The residents of the island play a huge part in Cleo’s journey. She grew up as the much-loved baby of her family, and in London she’s surrounded by a revolving door of colleagues and friends. Spending time on the island allows her to see how her London friendships have been based on convenience more than real connection, and opens her eyes to what true friendship and sisterhood looks like. I think she needed that – she was living her life at surface level, surrounded by white noise. The pulsing beat of London, the roar of city life always in her ears. The community on the island come as a complete surprise; their love and loyalty, their shared experience, the sense of being part of a family, of sorts. She finds a rich seam of colourful humanity who open her eyes, and her heart, to so much more than she anticipated.
Cleo’s struggles with dating are something very familiar to many. How important was it to remove her from that setting and those disappointments in order to find Mack?
Well, she gets paid to write a dating column, so relentlessly throwing her hat in the romance ring is something she’s super familiar with in London. It also means she’s endured more bad dates and disappointments than she otherwise might have, and the cumulative effect of those experiences have definitely left her with a jaded been there, done that attitude to dating. Had she met Mack in a London bar or park, would she have had the same disappointing experience? Quite possibly! She’d become stuck in a groundhog day dating nightmare, so stepping out of that situation was probably essential to her being able to look at things, and people, in a different light. Being thrown together with Mack is the last thing she, or he for that matter, wants. There is no expectation of romance on either side, or even of liking each other enough to make civil conversation. It could be that the lack of expectation frees Cleo up to be more herself than she’s usually able to.
You clearly love love stories, but write with so many fresh perspectives and humour. How do you keep it fresh and not fall into cliches and tropes?
I do love love stories, both written and on screen. Cut me through the middle and you’d see romance written through me like a stick of seaside rock! I’m actually quite fond of the usual tropes, I especially like to see them when they’re told in new, inventive ways.
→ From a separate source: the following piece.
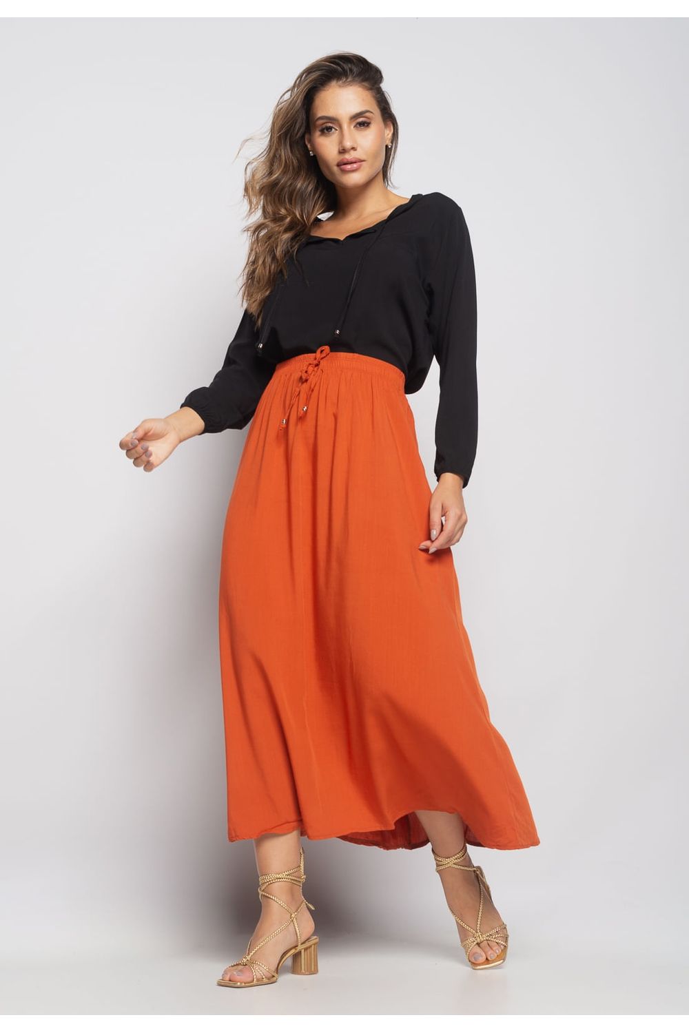Blusa Gola V Manga Longa Viscolinho Preto Salvatore

I love to include a big cast of secondary characters and subplots in my stories, family and friends bring the main characters to life on the page as we see them interact as sisters, grandchildren, parents and friends. Real communities are made up of a mix of ages, cultures and attitudes, and there’s always room for a couple of really funny characters for people to lighten the mood! Female relationships often feature strongly in my books. I’m drawn to writing sisters and friends – the knitting circle scenes in One Night on the Island were amongst my favourite to write. I love the loyalty and ease between them, the kind of sisterhood that can only happen after years of tangled lives and shared experiences. They know each really well, and it comes out as a shorthand kind of love.
Did you struggle with wrapping up the ending happily, given a lot of the message of the book was around Cleo’s self-coupling?
It was never going to be a cookie-cutter ending. Mack’s life back in Boston is full and complicated, and the more time Cleo spends on the island the more she unravels and her priorities shift. She becomes very rooted, while at the same time learning to love and prioritise herself, to listen to her gut and trust her instincts. Tempting as it would be to tie everything up neatly with a bow, I don’t think it would have been true to the story. My aim was to leave readers feeling hope and positivity for Cleo and Mack. Fingers crossed, anyway!